Payment limits by FOGASA
The TS declares that when a company is in a bankruptcy proceeding, has been declared insolvent or disappeared, it is impossible to readmit, and has not appeared in court, the FOGASA can anticipate the option between compensation or readmit that corresponds to the employer, and therefore, limit the accrual of processing salaries.
The company, in a situation of bankruptcy, proceeds to the business closure after dismissing workers for objective reasons. The workers submit a dismissal request that the Labor Court considers declaring the dismissals unfair. In addition, given the impossibility of reinstatement, it declares the contracts extinguished and condemns the company to pay the corresponding compensation as well as the processing salaries accrued up to the date of the judgment.
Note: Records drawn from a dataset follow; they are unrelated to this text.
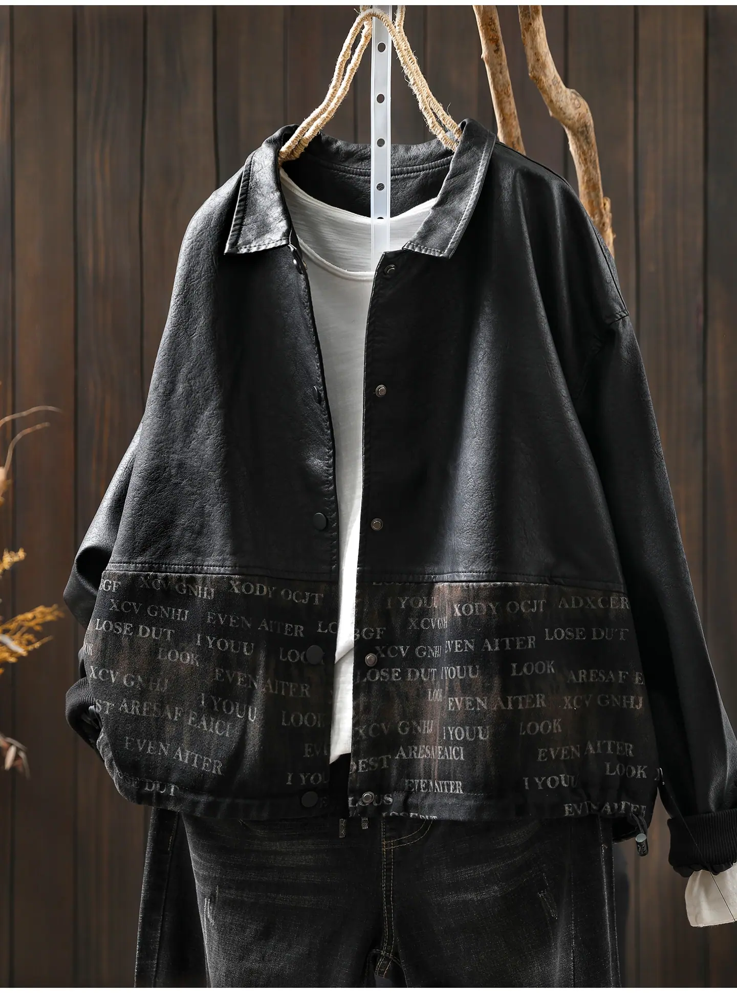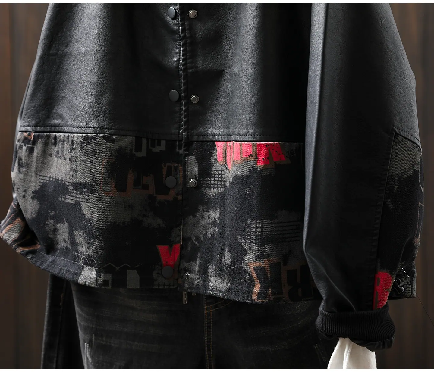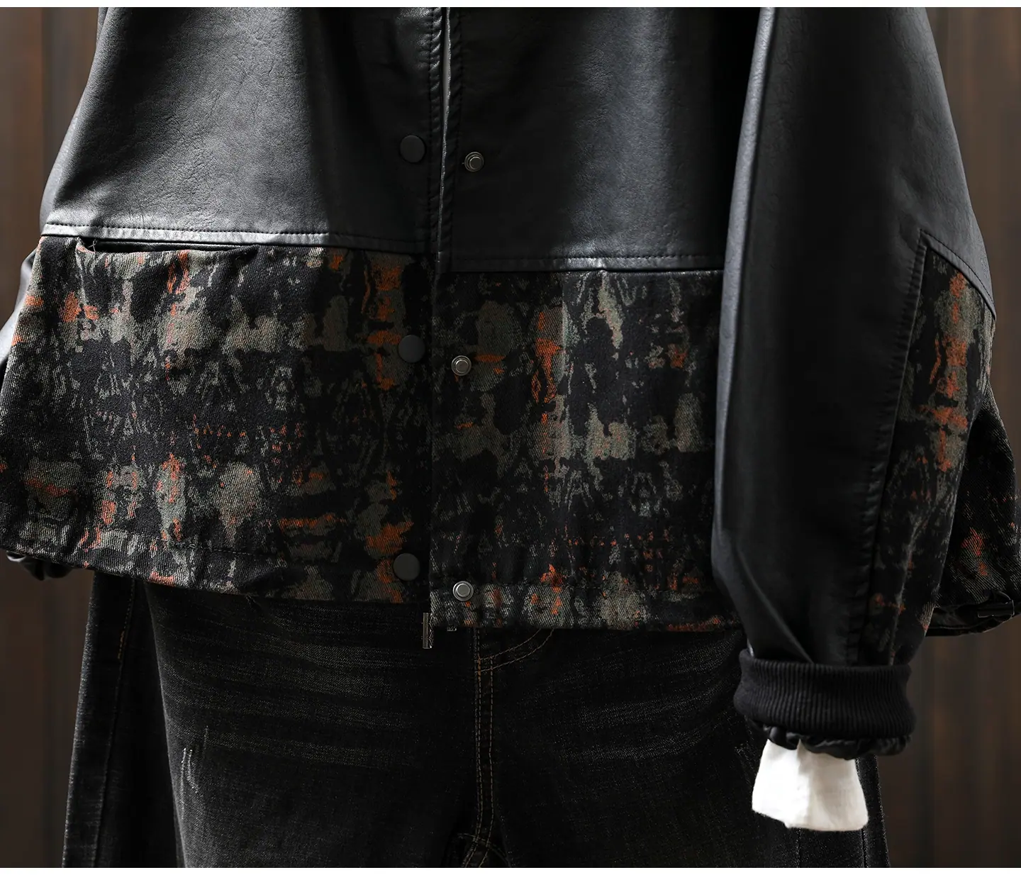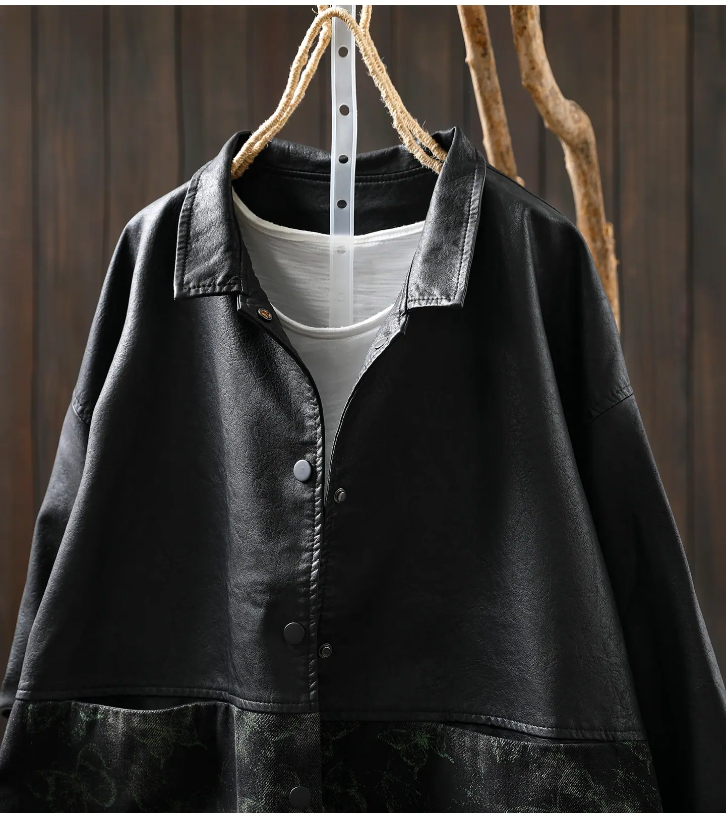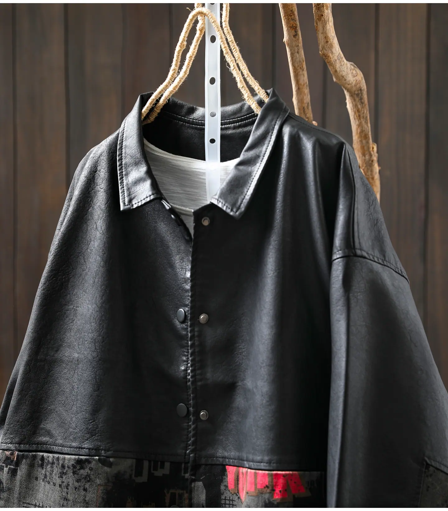 Chaqueta de Cuero Corta para Mujer 2025 Otoño Nueva Estampado Patchwork Cuello Vuelto PU Cuero Suelta Moda Estilo Extranjero Chaqueta de Cuero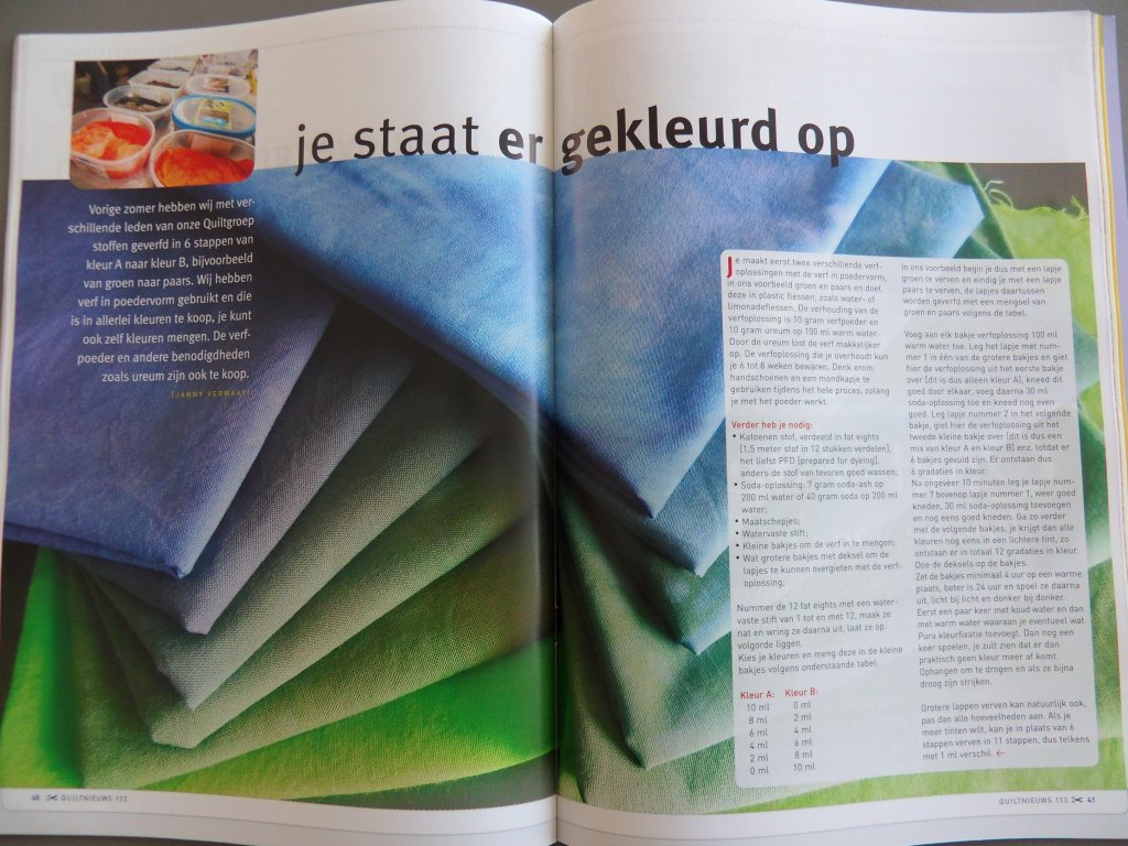 Vandaag kwam de nieuwe Quiltnieuws, deze keer staat er een artikeltje van mij in over stofverven. Naar aanleiding van onze verfdag vorig jaar had Erica, die onze quiltkring namens de redactie twee jaar lang volgt, gevraagd of ik dit wilde uitwerken voor het septembernummer. Ik hoop dat ik alles zo duidelijk mogelijk heb opgeschreven, mijn zus die nog nooit stoffen geverfd had heeft het eerst uitgeprobeerd en haar lukte het zonder problemen.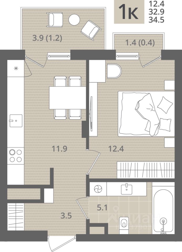 Общая площадь34,5 м2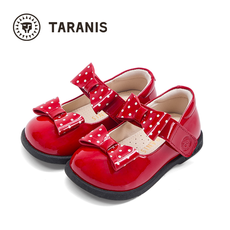 女宝宝复古俏皮波点公主鞋 泰兰尼斯女童红色小皮鞋 儿童鞋 新款 秋季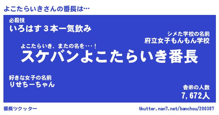 | 伝説のあだ名 | 『不死鳥のスナイパーよこたらいき』 |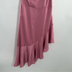 NWT Lulus Loving the Attention Mauve Satin Asymmetrical Ruffled Midi Dress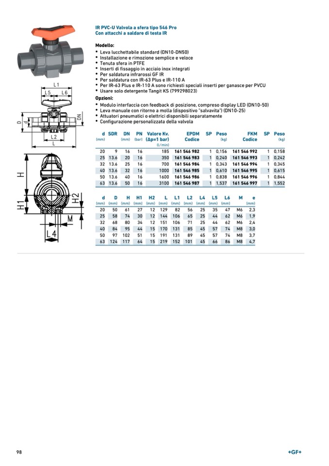 IR PVC-U Valvola a sfera tipo 546 Pro

The FOGASA files a request for appeal against this decision. Complaint that in the trial act he expressed the anticipated option for compensation for the case of declaring unfair dismissal, and in accordance with this option, the termination of the contract must be understood to have occurred on the day of actual termination at work, and therefore the sentence to pay processing fees is not applicable. The TSJ Galicia dismisses the appeal, considering that the exercise of the right of advance option is not within the procedural powers that are attributed to FOGASA, but is the exclusive right of the employer. The FOGASA appeals in cassation for the unification of doctrine.
The TS rejects that the right to advance option can not be extended to FOGASA due to lack of entrepreneur status. The FOGASA, as a subsidiary guarantor of the amounts owed by the employer in case of insolvency, can take the place of this in the procedure. This reinforces, in this way, the procedural position of the FOGASA that is authorized to urge in the process “what is convenient in Law”. In response to this circumstance, the TS considers feasible that FOGASA can exercise the right of option in advance when the following circumstances concur simultaneously:
– That the company has not appeared at the trial.
– That they are companies that are involved in insolvency proceedings, declared insolvent or missing and that the company has closed its activities and reinstatement is impossible or difficult to complete.
– That the holder of the option was the employer (and not the worker).
– That the FOGASA has appeared in the procedure at the time of making the option.